Vor wenigen Monaten wählte die israelische Regierung 19 Start-ups aus, die nun mit staatlicher Förderung eine geschützte Infrastruktur bauen sollen, um Patientendaten zu teilen und weitere Forschung auf Basis dieser Daten zu erleichtern. Die Ergebnisse dieser Forschungen fließen dann in die künftige gesundheitspolitische Planung ein. Auch in Europa können diese Erkenntnisse von Nutzen sein, etwa in der Krebsbekämpfung: Durch eine laufende Analyse von Patientendaten gelang es in Israel bereits, die Mortalität bei bestimmten Krebserkrankungen in Israel zu senken.
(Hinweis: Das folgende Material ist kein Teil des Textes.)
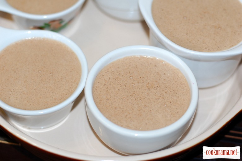 Розлити масу в невеличкі термостійкі формочки. Помістити їх у іншу форму, в яку залити до половини висоти формочок гарячу воду: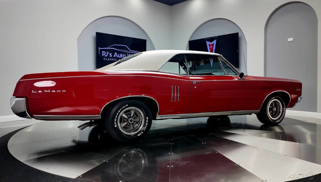 1967 Pontiac Lemans For Sale. 326 cubic inch V8 engine (correct YO suffix code block), power steering, detailed engine bay and underside, dual exhaust, automatic transmission, 14" Rally II wheels with new BF Goodrich Radial T/A tires, correct Regimental Red exterior, white vinyl top, black bucket seat interior, dual chrome mirrors, 3 spoke steering wheel, working factory AM radio, cold factory A/C updated with R134a refrigerant. Nothing beats the experience of owning a '60s era A body GM car, these cars offer an amazing ride and turn heads everywhere you cruise!!! With over 45 years of dedicated service to the collector car community, we've cultivated a wealth of knowledge and experience that we're eager to share with you. Whether you're a seasoned enthusiast or a curious newcomer, ou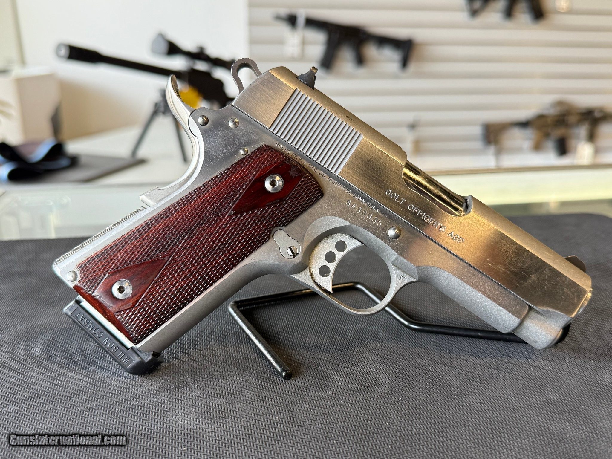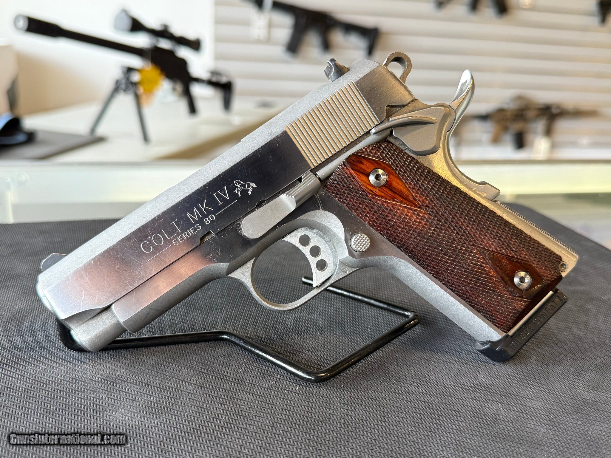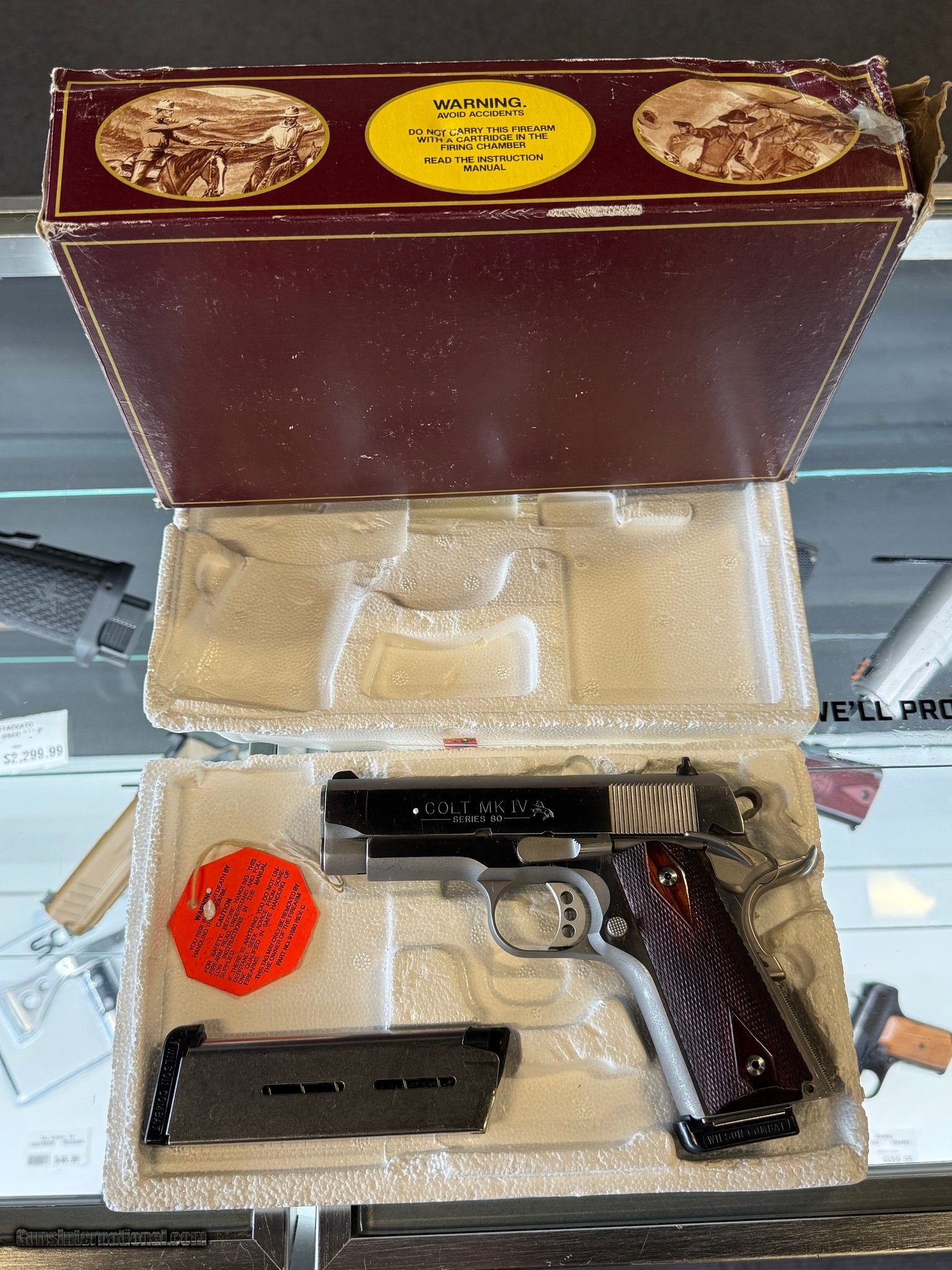 Description: Guns Listing ID: 549410 - GOOD CONDITION - ORIGINAL BOX - TWO MAGAZINES SOLD Manufacturer: COLT Model: MK IV SERIES 80 OFFICERS Caliber Info: .45 ACP Condition: Used - Non-Certified Barrels: 3.5 BARREL Action: SEMI AUTOMATIC Finish: stainless/wood grips |

Deutschland ist zwar in vielerlei Hinsicht nicht mit Israel vergleichbar: In Israel gibt es keine Landesregierungen und nur vier Krankenkassen, es gibt 9,4 Millionen Israelis und eine überschaubare Anzahl von Krankenhäusern. In punkto Datenverwertung will der Gesundheitsminister aber ein paar Schritte näher an das israelische Vorbild herankommen. „Die Nutzung von Patientendaten für Forschungszwecke interessiert mich ganz besonders“, sagt Lauterbach.

Für einfache Routinebehandlungen reichen digitale Anwendungen aus. Wenn es komplizierter wird, gerät aber auch die Digitalisierung an ihre Grenzen: Israel leidet unter einem akuten Mangel an Mediziner:innen, der sich in Zukunft noch verschärfen wird. Kein OECD-Land bildet so wenige neue Ärzt:innen aus wie Israel. Zugleich werden viele ältere Mediziner:innen in den nächsten Jahren in den Ruhestand treten.

Die Wartezeiten auf Termine werden vor allem bei Fachärzt:innen immer länger. Wer es sich leisten kann, weicht deshalb in den privaten Bereich aus. Diese Daten fehlen dann aber in der Digitalisierung: Privatärzt:innen synchronisieren ihre Behandlungsdaten oft nicht mit den Kassen. Mit der neuen Digitalstrategie könnte sich das ändern.